Australian-born Doyle travelled as a sailor and worked eccentric jobs around the world before shooting to international stardom in Hong Kong with his jaw-droppingly gorgeous camerawork on several of Wong Kar-wai’s films, Doyle’s frenetic style has probably found its roots in his distinctive impression of the city: “Like Hong Kong, my nuts need, anticipate, grow, and then revel in the mess.”

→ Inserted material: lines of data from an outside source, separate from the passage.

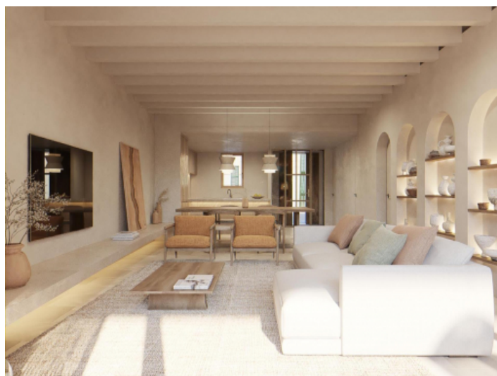
Open-plan living and dining area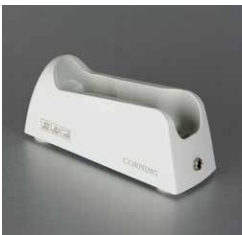
3 position charging stand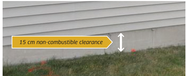
HAZARD FACTOR 7: GROUND TO SIDING CLEARANCE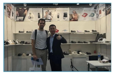
2023.10 HK Electronics Fair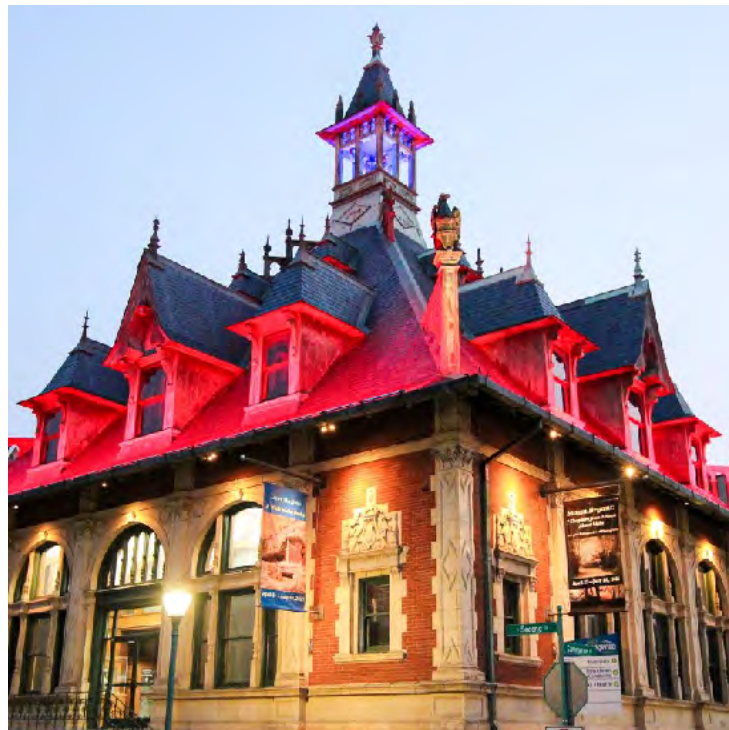
Customs House Museum & Cultural Center

Hosted by The Customs House Museum and Cultural Center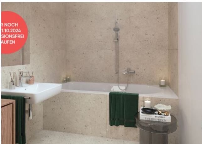
Ottakringer Straße 26 | Badezimmer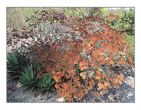
St. Catherine's Lace in bloom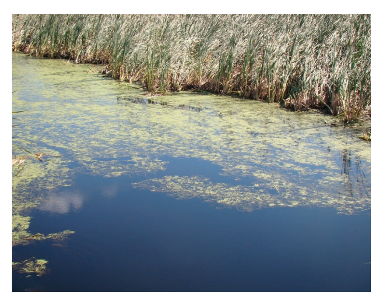
Figure 2. Ideal for controlling nuisance aquatic weeds like duckweed. (Use with aquatic use surfactant.)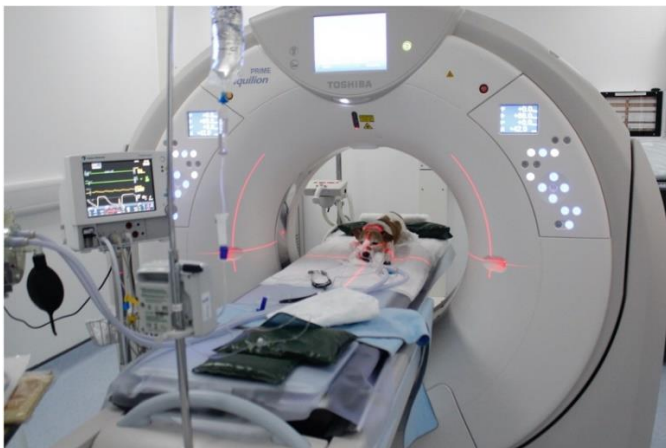
Figure: a dog undergoing a CT scan. He is anaesthetised to be motionless for the study.

Advanced imaging tools used in human medicine that are now increasingly been seen in veterinary medicine. These are 'doughnut' shaped devices that the patient passed through and either radiation (CT) or magnetic fields (MRI) allow the internal tissues and organs to be accurately seen, reconstructed into thin slices (1 mm sometimes) to give a very accurate 3D understanding of where the cancer* is in the tissues, if it is affecting or invading nearby vital structures, and whether there is any evidence of regional metastasis* or distant metastasis* . A radionuclide scan uses small amounts of radioactive material (often injected in a vein) that selectively attaches to places of interest (tumors or organs). The radioactivity is then measured using a specific scanning machine.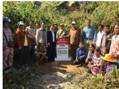
Stakeholders stand in front of a concrete pole that marks boundary of Phnom Tbeng Natural Heritage Park.

Preah Vihear Provincial authorities, Department of Environment (DoE), local communities and WCS have successfully completed the demarcation of the Phnom Tbeng Natural Heritage Park (PTNHP). This involved clearly delineating the protected area through the placement of 40 concrete posts at key locations on its boundary. The demarcation paves the way for rangers to patrol the park and enforce forest and wildlife protection laws.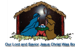
Our Lord and Savior Jesus Christ Was Born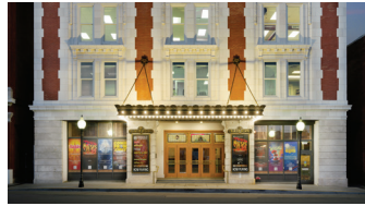
HISTORIC DOWNTOWN HOME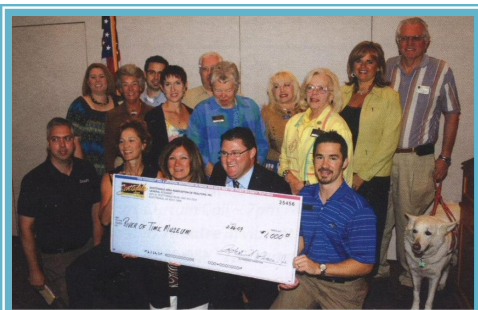
Monies collected at the Fountain Hills Realtor Marketing Session Holiday party were donated to the River of Time Museum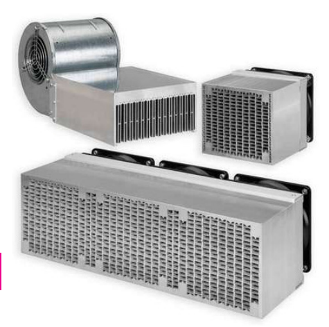
Illustration 4: Compact heat exchanging surfaces result in an extremely effective honeycomb structure which often provides very good heat distribution within the unit.

The mechanical construction of the lamella units consists of a tube made up of individual parts. The web plates in the inner air duct are fitted with a honeycomb heat exchange structure and solid aluminium blocks are joined together to form mounting plates. The resulting overall construction is now hard soldered in a further special work step and thus optimally connected mechanically as well as thermally. The heat absorbed by the mounting panels is transferred to the honeycomb structure via the web panels and finally released to the air flowing through.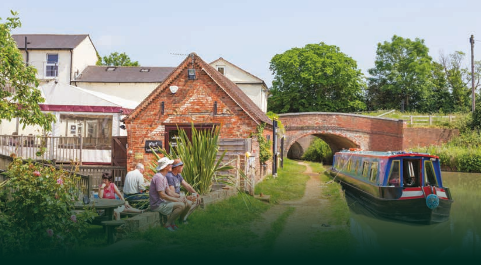
Fenny Compton Wharf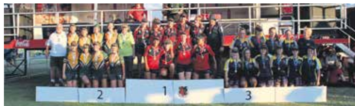
Swellendam High School took first prize in the 480 kg girls' category.

The South African Tug-of-War Federation would really like to thank the Worcester community, and particularly HTS Drosty, for their hospitality and involvement in the recent SA Junior Tug-of-War Championships. Furthermore, it expresses sincere thanks to the event's sponsors for their contribution to a very successful sports meet. And lastly, but by no means least, the federation thanks those who took part in it.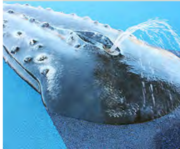
Humpback Whale Head water spout

When asked how big a part Hong Kong plays in his idiosyncratic achievement, Doyle names his hero: “DJ Kulu, my co-president, [the] tea-drinking co-founder of Hong Kong’s most elegant Dirty Old Man’s Club” (our sources reveal that this club has in recent years involved Doyle and goateed veteran DJ Kulu sitting in the hot dog stand outside Drop nightclub in Central, checking out pretty ladies). He then continues, “although we have had a drop in membership [recently]… David Tang is offering a friendly takeover, or take-away...”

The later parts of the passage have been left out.